If you are serious about being able to build muscle, you need to get serious about your diet. Diet is going to be a huge contributing factor to your success, so if you don't have a firm grasp over this, you are not going to get the body you're after.
Making sure to plan the meals you are going to eat each week is going to really help you build muscle in the long run. The less you have to think about your meals, the easier it will be to follow the diet and thus gain weight.
Having a set of muscle building meals that you can fall back on when times get busy will give you the assurance you need to know that you can in fact put on the weight.
Here is a list of meals that should be regular standby's on your muscle building plan.
Big Bodybuilding Breakfast
In order to build muscle, you need to be sure you stop the overnight fasting period with a solid meal to start your day. You'll want a good dose of protein, carbs, and dietary fat in this meal, helping you get a kickstart on your high calorie intake.
For a fast option, prepare 1 cup of raw dry oats with milk.
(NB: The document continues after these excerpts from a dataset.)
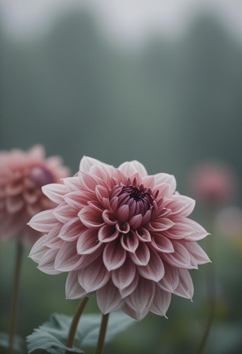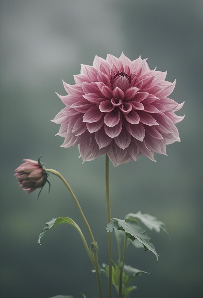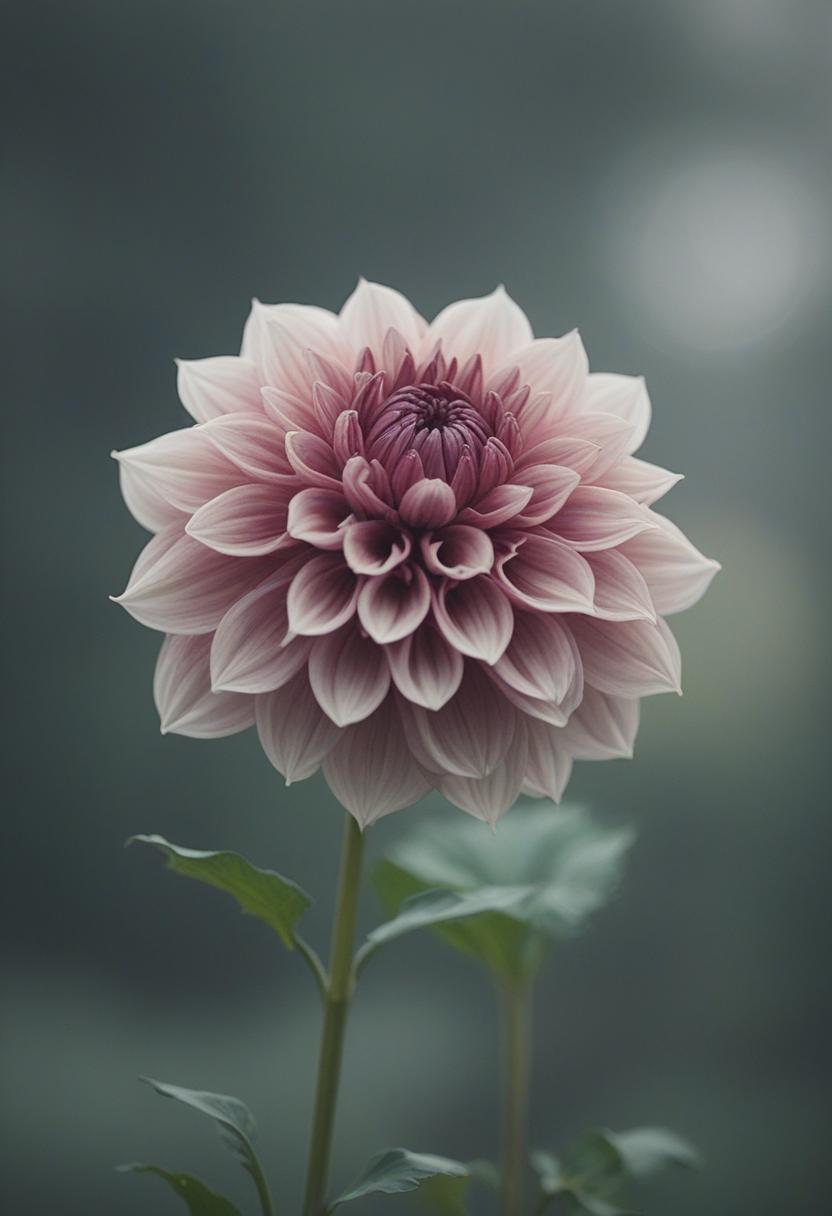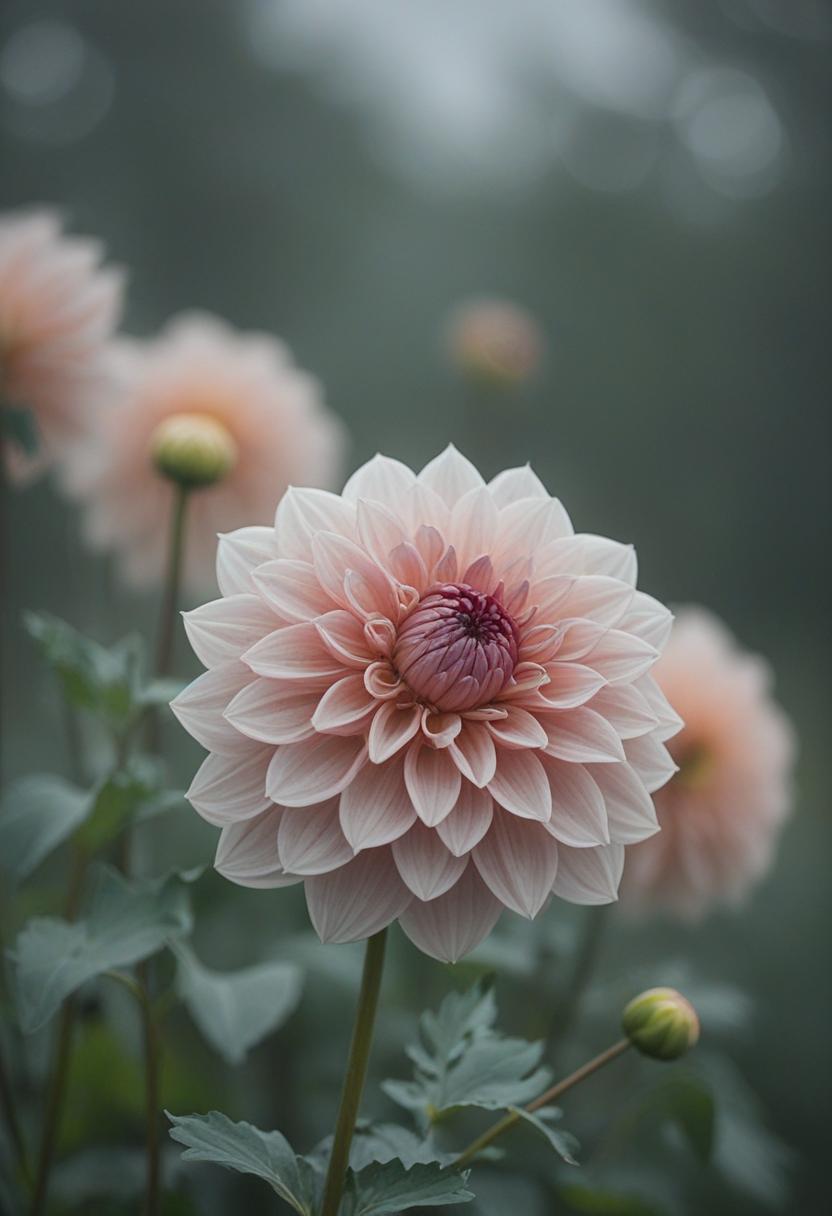 30. A serene dahlia in an ethereal, overcast studio shot, exuding a soft, dreamy dahlia aesthetic with gentle light and misty atmosphere.
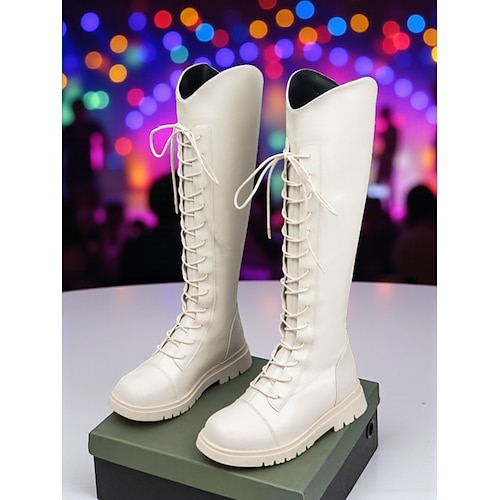 Scarpe da costume da pop star ispirate agli idoli coreani, stivali alti fino al ginocchio con lacci bianchi da bambina, con suola spessa, calzature alla moda per spettacoli di danza e abiti da
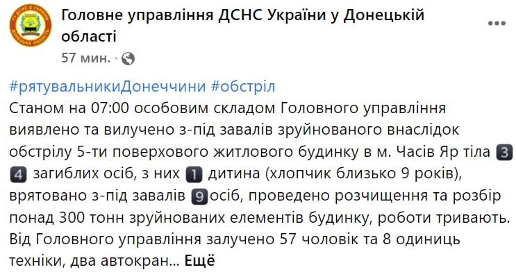 20.37 До 45 увеличилось число погибших в результате субботнего удара по пятиэтажке в Часовом Яру Донецкой области.
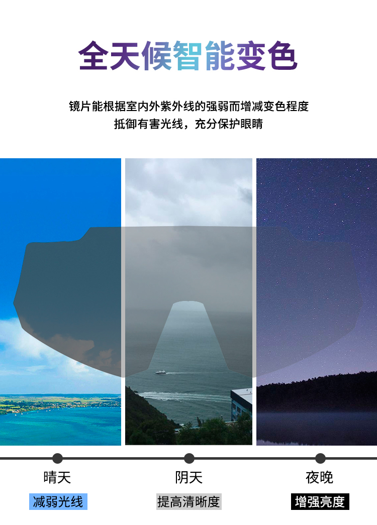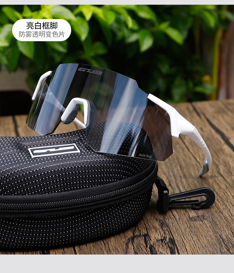 顏色:啞黑框腳/防霧透明變色片、亮白框腳/防霧透明變色片
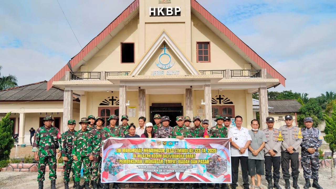 Bangka Barat,viralperistiwa.com-Untuk mendukung program TNI Manunggal Membangun Desa (TMMD) ke-123, Kodim 0431/Bangka Barat bersama masyarakat, personel Polri, dan Angkatan Laut Dan juga beberapa personil dari Batalyon 147/KGJ menggelar aksi pembersihan gereja HKBP di Desa Puput Kecamatan Parittiga Kegiatan ini merupakan bagian dari upaya meningkatkan kebersihan, kenyamanan, serta mempererat kebersamaan antarwarga dan aparat.pada hari Rabu 26/02/2025
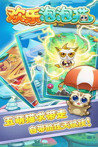 《欢乐泡泡猫》将经典打泡泡玩法与谐趣创新完美结合。游戏拥有清新亮丽的美术风格,包含上百关特色有趣的泡泡关卡。 这里有深海、森林、沙漠、冰雪等不同的主题区域,有怪兽关、城堡关、限时关、解救关等不同类型的关卡,还有海星、花瓣、乌龟、彩云、风眼等不同的新奇玩法。在这里,你可以帮助喵星勇士解救喵伙伴、巧过城堡关、选择不同的猫咪上场打泡泡,收集有趣的兑换物,进行一场曲折而有趣的大冒险喔!
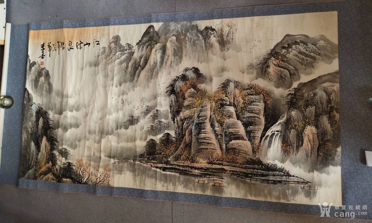 著名画家李墨六尺整张彩绘山水横幅一幅,165*68CM。李墨
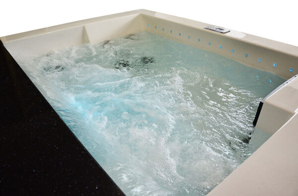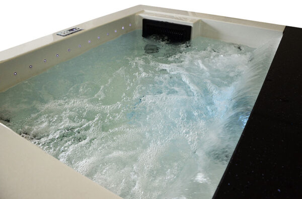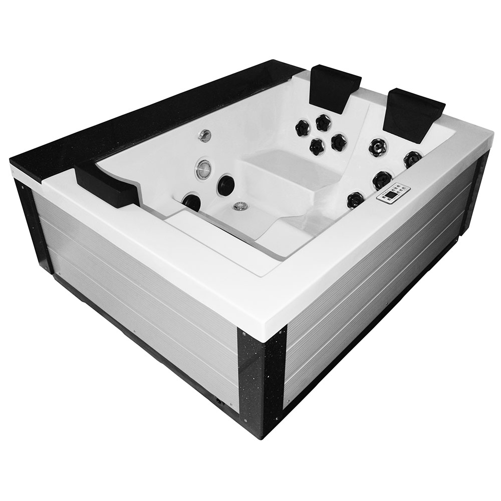 The structure is made of stainless steel. The entire bathtub is based on a stable stainless steel frame; the bathtub has a strong and durable support base, which is very important for larger bathtubs. The weight of such SPAs, from 250 kg to even 1500 kg, in swimming pools, including the weight of water and people, is a relatively large weight, which requires solid support, which is why a good bathtub design is so crucial.

Once it's finished cooking, mix in one scoop of protein powder (chocolate or vanilla will work nicely) along with 2 tbsp of peanut butter.
This single bowl will have you eating close to 700 calories, will have a perfect combination of protein, carbs, and fat, and can be made in five minutes flat.
The Lowdown On Lunch
If you're looking for a lunch meal on the fly, consider preparing two cups of whole wheat pasta, throwing a can of salmon over top (if you can tolerate the bones, that's helpful as they have added calcium - if not, remove them beforehand), then drizzle on 1-2 tablespoons of olive oil and ½ cup of tomato based pasta sauce.
While the pasta's boiling, microwave 1-2 cups of frozen vegetables to help get your vitamin intake for the day and toss this with the pasta and salmon at the end. Finally, top the meal off with 2 tbsp of Parmesan cheese and you've got a filling meal that will help you pack on the muscle.
Muscle-Building Pizza Dinner
If you prepare pizza yourself, it can actually be a terrific option for those trying to build muscle, while keeping off the fat.
To prepare this, purchase a pizza crust and smear it with pizza sauce. On top of that, place some pre-cooked diced chicken, some thinly sliced ham, and any vegetables you prefer. Sprinkle on some low-fat cheese and then place in the over until the cheese is melted and crust is toasted.
This going to be a better option than having pizza at a restaurant or eating one of those freezer brand ones as it will have more protein and less saturated fat.
So, next time you're in need of a fast meal, keep these three in mind. Preparing meals designed to help you build muscle does not need to be difficult so long as you are willing to get a little creative and aren't an overly picky eater.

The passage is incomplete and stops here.